In April and May 2011, an undercover investigator shot footage at McConnell's stable. The footage revealed two workers, Jeff Dockery and John Mays, applying caustic substances that cause soring to horses' legs and hooves and beating the animals with a wooden beam and an electric cattle prod to make them stand still during leg palpation. Soon after the undercover footage was released, state authorities raided McConnell's barn.

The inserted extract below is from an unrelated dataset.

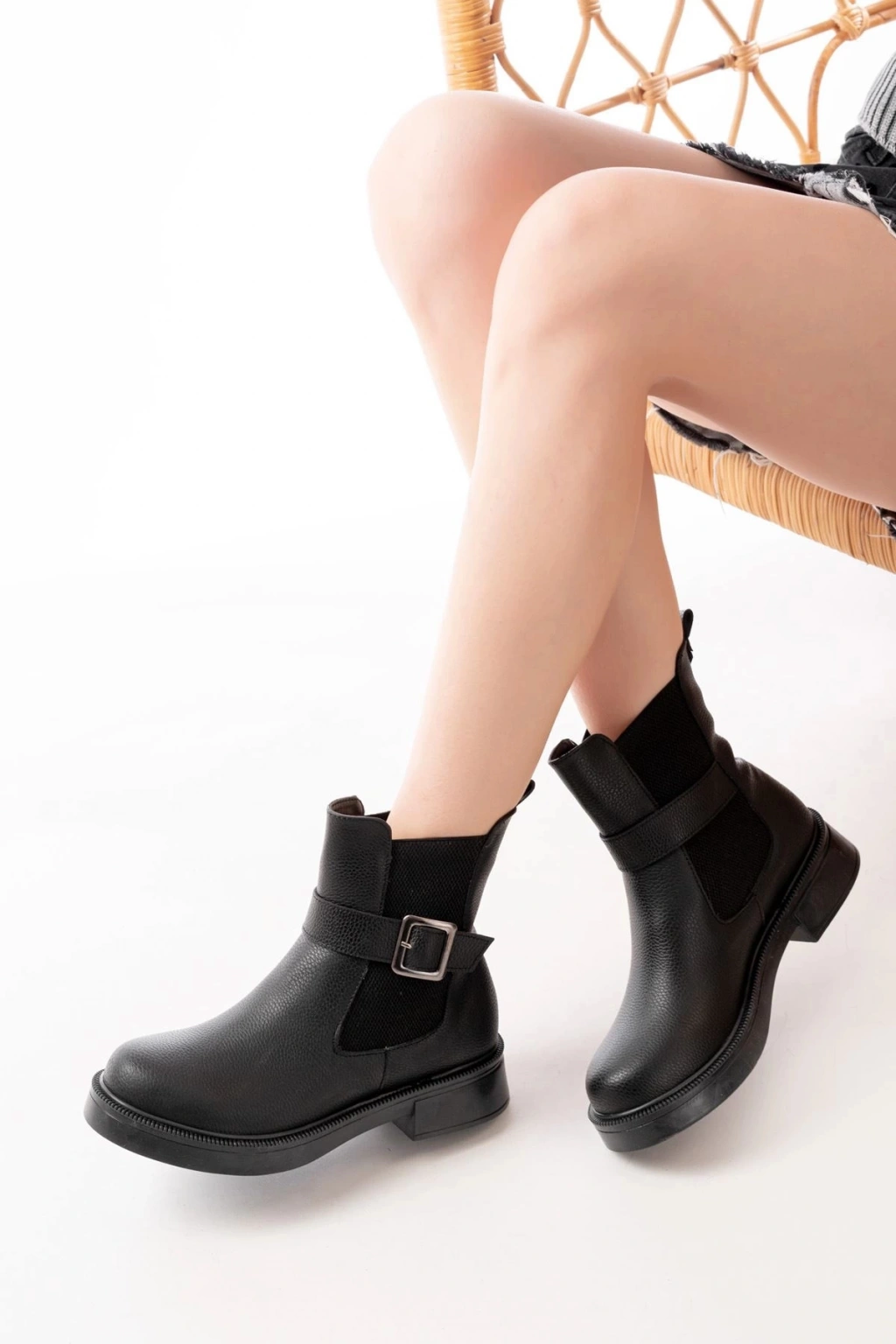 02-2004 Siyah Toka Aksesuarlı Lastikli Günlük Kadın Bot

After ABC News aired the footage, McConnell was banned for life from the Tennessee Walking Horse organization's biggest event and stricken from its hall of fame.

In September 2012, McConnell was found in violation of the federal Horse Protection Act; he was sentenced to three years probation and fined $75,000. McConnell faced 52 counts of transporting and showing abused horses. He pleaded guilty to a single charge of animal cruelty in an agreement with prosecutors. US District Judge Harry Sandlin Mattice Jr. accepted McConnell's plea. McConnell faced up to five years in prison if the agreement had not been accepted. He was required by the court to write a letter about the soring of horses, the pain it causes, the long-term effects, and its widespread use.

McConnell also pleaded guilty in state court to 12 of 22 counts of animal cruelty in 2012. He was sentenced to one year of house arrest and a $25,000 fine. The Circuit Judge Weber McGraw sentenced Jackie McConnell and two co-defendants in July 2013. Jeff Dockery pleaded guilty to three counts of animal cruelty and John K. Mays to fourteen. Dockery was sentenced to three years of probation and Mays to four years of probation. Under the state plea agreement, McConnell is not allowed to either own or train horses for 20 years. The judge gave McConnell 120 days to sell his two remaining horses. According to The Commercial Appeal, "This is the second time all three men have pleaded guilty rather than face trial."

=== Lee and Mike McGartland case ===

In 2013 Lee and Mike McGartland entered a horse named The Royal Dollar in the 74th annual Red Carpet Show of the South. The Royal Dollar placed third in its class, but during a post-show inspection, a veterinary officer of the U.S. Department of Agriculture determined that The Royal Dollar was sore. From 2013 to 2016, the McGartlands received further official warnings and were identified as "violators" on the USDA web site. They sued the USDA, on the grounds that "the enforcement program denies due process to those accused of violations and breaks privacy laws by publishing personal information." The lawsuit may be linked to the removal of records of animal welfare cases from the USDA's web site.